▶ **DIRECTIONS**
Reproduction of part of the material below, pictures omitted: copy exactly, and only, the lines starting with the one with "Structural Health: Currently, only" and going on through the one with "整个手术下来我觉得都没有什么".

(THE DATA begins)

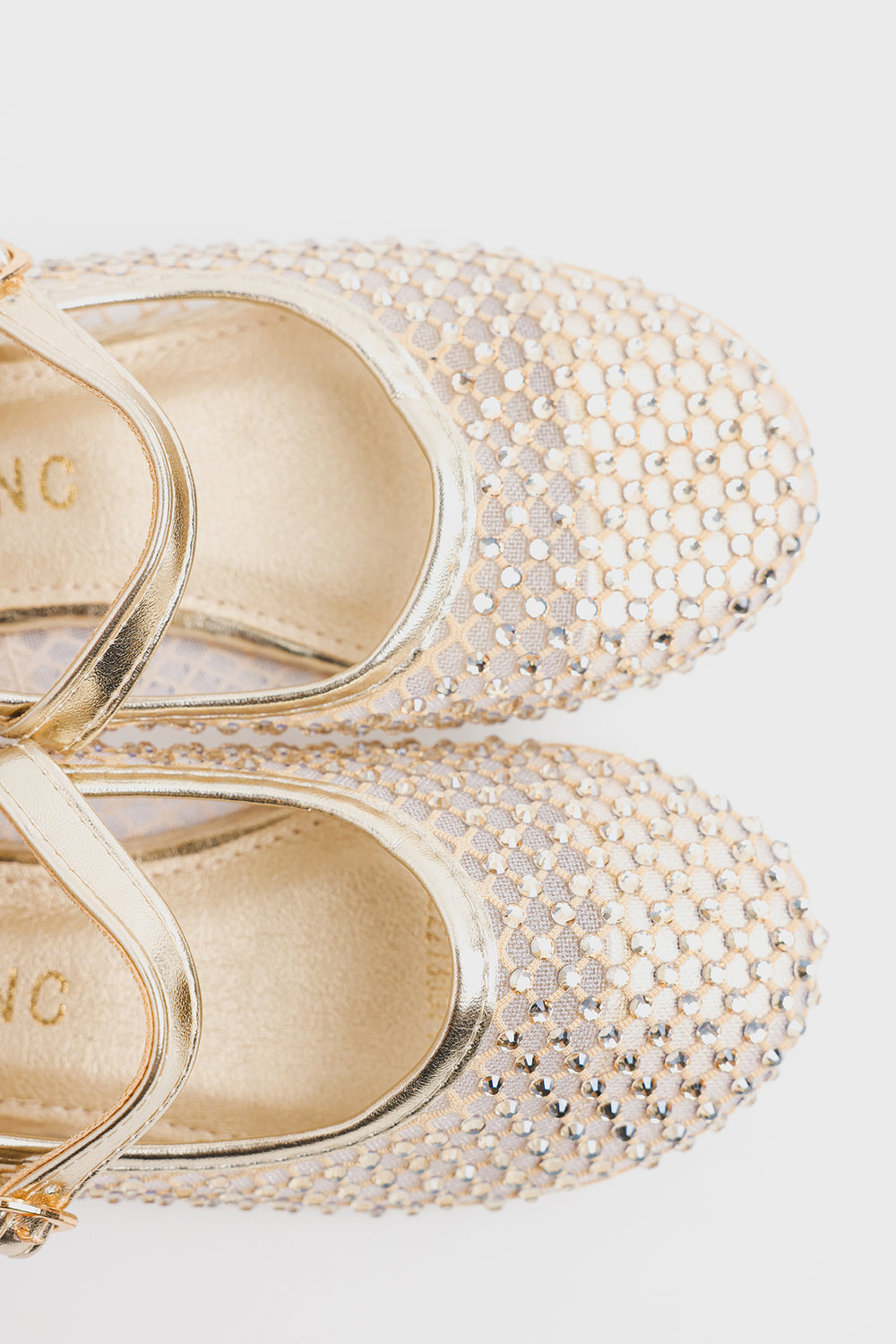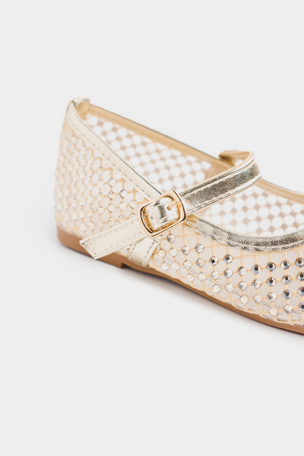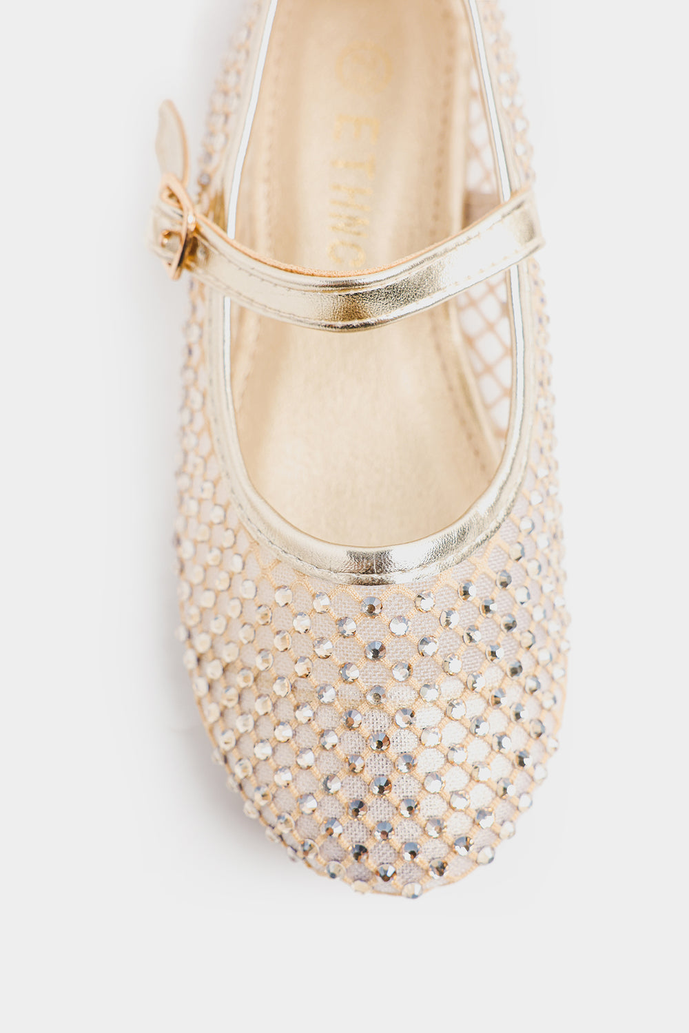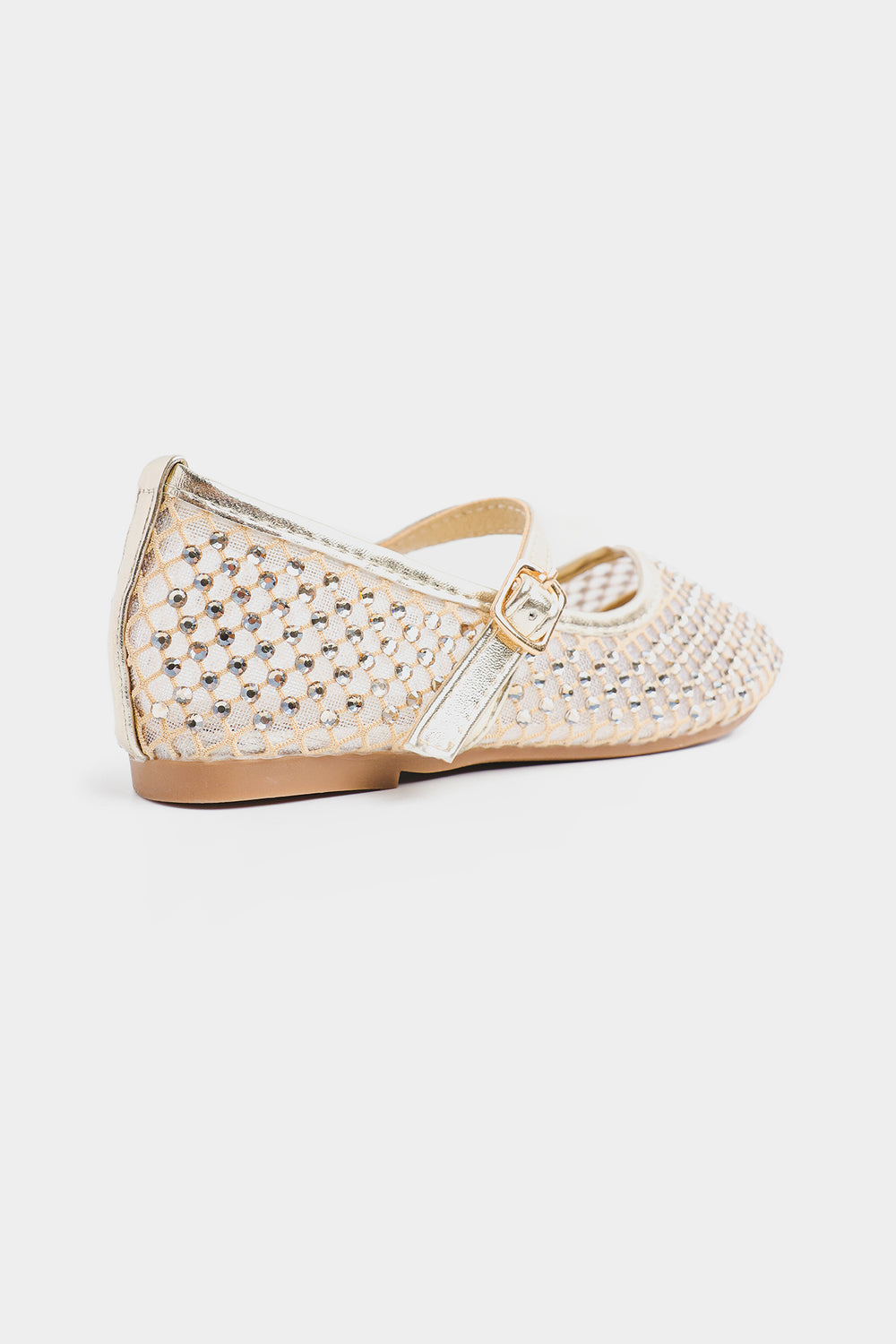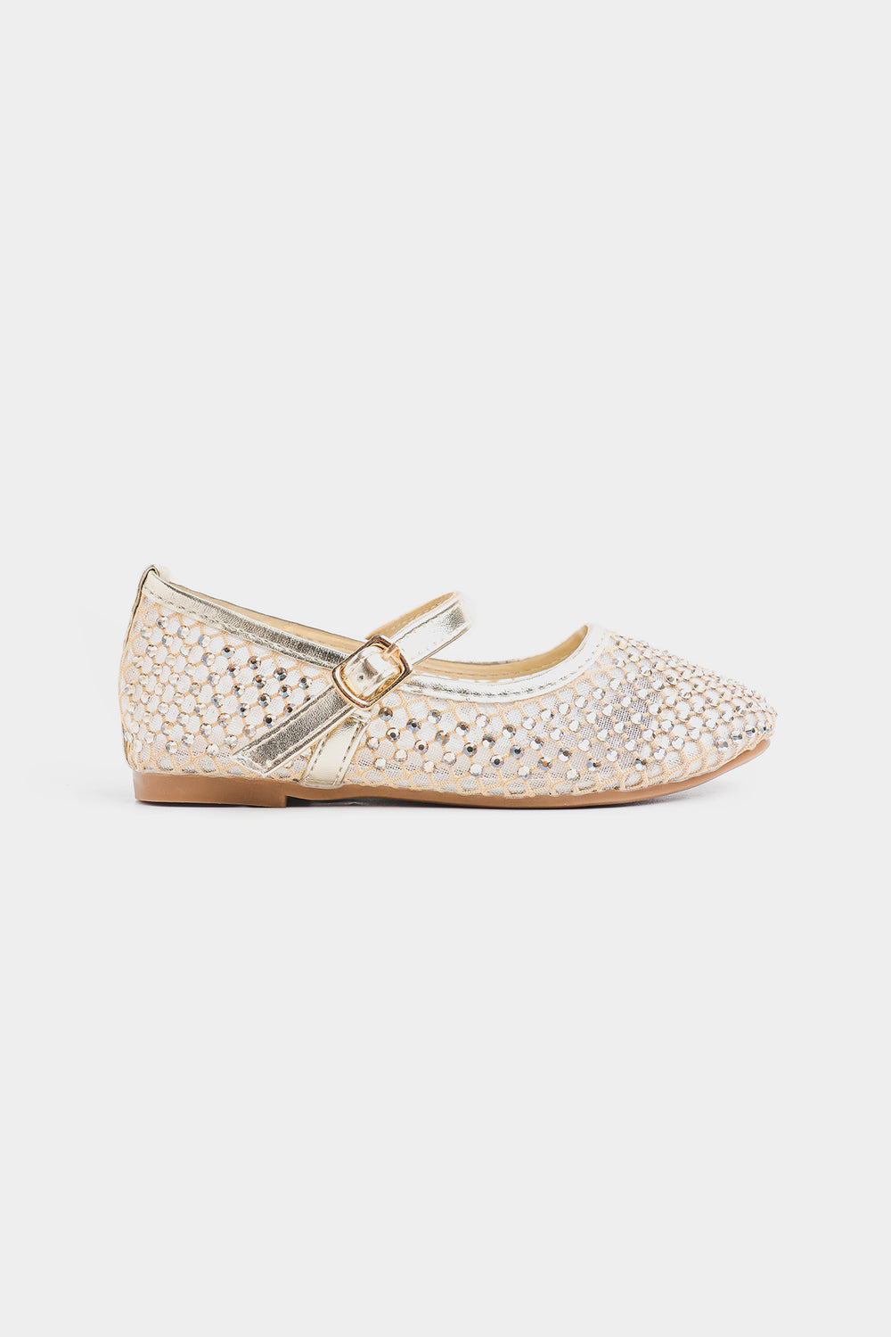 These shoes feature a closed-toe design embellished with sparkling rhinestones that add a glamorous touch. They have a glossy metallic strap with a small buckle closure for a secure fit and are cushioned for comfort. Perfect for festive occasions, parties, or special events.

(THE DATA ends)
(THE DATA begins)

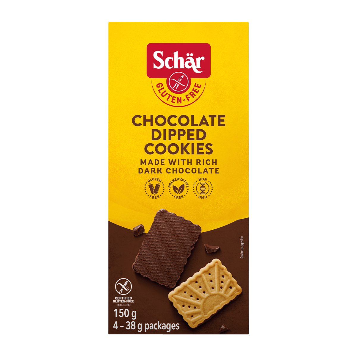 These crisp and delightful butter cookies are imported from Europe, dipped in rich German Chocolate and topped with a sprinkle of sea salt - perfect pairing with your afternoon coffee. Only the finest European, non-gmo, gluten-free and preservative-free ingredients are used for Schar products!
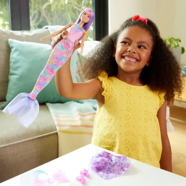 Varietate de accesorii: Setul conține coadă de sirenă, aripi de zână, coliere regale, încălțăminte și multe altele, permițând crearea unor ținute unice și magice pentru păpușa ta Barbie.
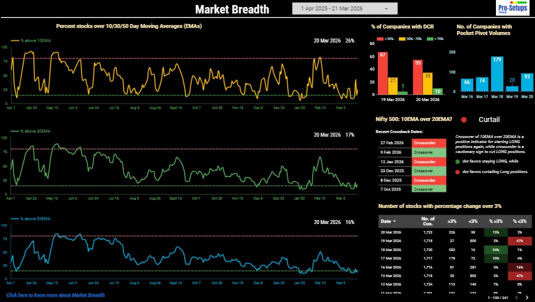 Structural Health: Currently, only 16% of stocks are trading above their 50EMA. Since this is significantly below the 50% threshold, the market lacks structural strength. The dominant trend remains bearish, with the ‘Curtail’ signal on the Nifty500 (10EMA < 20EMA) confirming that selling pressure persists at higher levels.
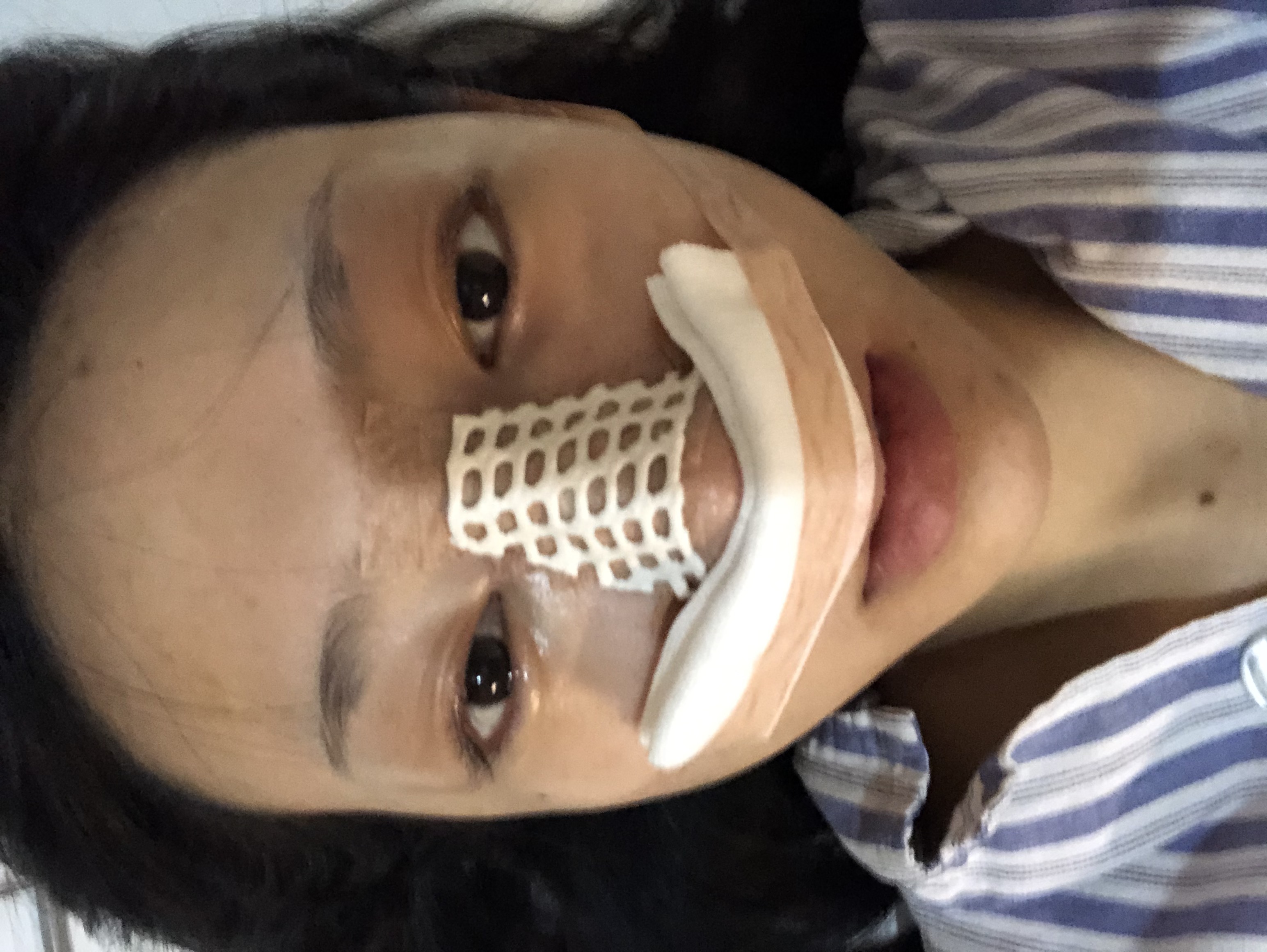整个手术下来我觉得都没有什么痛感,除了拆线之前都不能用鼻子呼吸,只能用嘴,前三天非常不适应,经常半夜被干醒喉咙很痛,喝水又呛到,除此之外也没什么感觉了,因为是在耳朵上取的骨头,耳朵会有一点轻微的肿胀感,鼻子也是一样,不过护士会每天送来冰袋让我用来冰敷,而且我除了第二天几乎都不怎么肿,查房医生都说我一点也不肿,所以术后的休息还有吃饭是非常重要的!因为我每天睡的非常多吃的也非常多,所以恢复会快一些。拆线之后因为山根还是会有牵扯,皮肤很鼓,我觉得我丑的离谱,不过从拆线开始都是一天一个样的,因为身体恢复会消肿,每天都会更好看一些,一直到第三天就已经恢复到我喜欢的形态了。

(THE DATA ends)

▶ **SOLUTION TO THE EXERCISE**
 Structural Health: Currently, only 16% of stocks are trading above their 50EMA. Since this is significantly below the 50% threshold, the market lacks structural strength. The dominant trend remains bearish, with the ‘Curtail’ signal on the Nifty500 (10EMA < 20EMA) confirming that selling pressure persists at higher levels.
整个手术下来我觉得都没有什么痛感,除了拆线之前都不能用鼻子呼吸,只能用嘴,前三天非常不适应,经常半夜被干醒喉咙很痛,喝水又呛到,除此之外也没什么感觉了,因为是在耳朵上取的骨头,耳朵会有一点轻微的肿胀感,鼻子也是一样,不过护士会每天送来冰袋让我用来冰敷,而且我除了第二天几乎都不怎么肿,查房医生都说我一点也不肿,所以术后的休息还有吃饭是非常重要的!因为我每天睡的非常多吃的也非常多,所以恢复会快一些。拆线之后因为山根还是会有牵扯,皮肤很鼓,我觉得我丑的离谱,不过从拆线开始都是一天一个样的,因为身体恢复会消肿,每天都会更好看一些,一直到第三天就已经恢复到我喜欢的形态了。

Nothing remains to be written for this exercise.